What the task requires: Using the listing below, copy exactly each line from the one that has "Продажа 2-комнатной квартиры, 54.7 м2" through the one that has "Provide a view"; omit the pictures.

Source data:
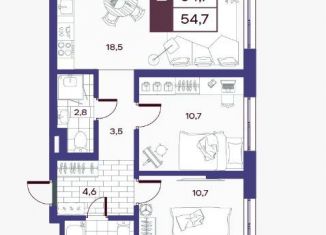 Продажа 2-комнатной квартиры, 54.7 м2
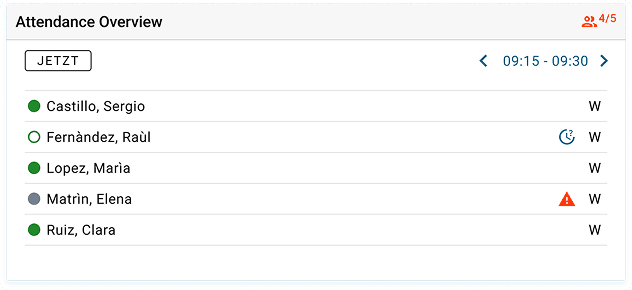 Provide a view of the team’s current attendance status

--

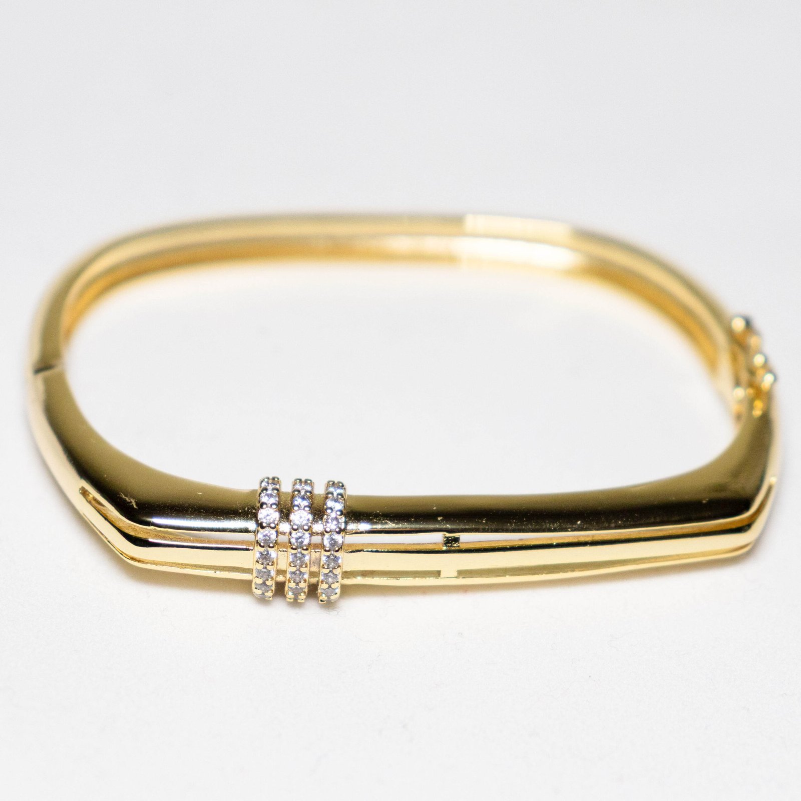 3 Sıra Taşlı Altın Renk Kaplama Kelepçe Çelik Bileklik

---

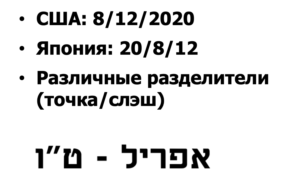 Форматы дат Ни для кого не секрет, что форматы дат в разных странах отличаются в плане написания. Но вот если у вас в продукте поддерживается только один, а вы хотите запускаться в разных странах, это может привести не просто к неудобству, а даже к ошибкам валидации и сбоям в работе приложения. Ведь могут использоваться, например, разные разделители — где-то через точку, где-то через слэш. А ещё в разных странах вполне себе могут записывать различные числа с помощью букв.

Exercise result:
 Продажа 2-комнатной квартиры, 54.7 м2
 Provide a view of the team’s current attendance status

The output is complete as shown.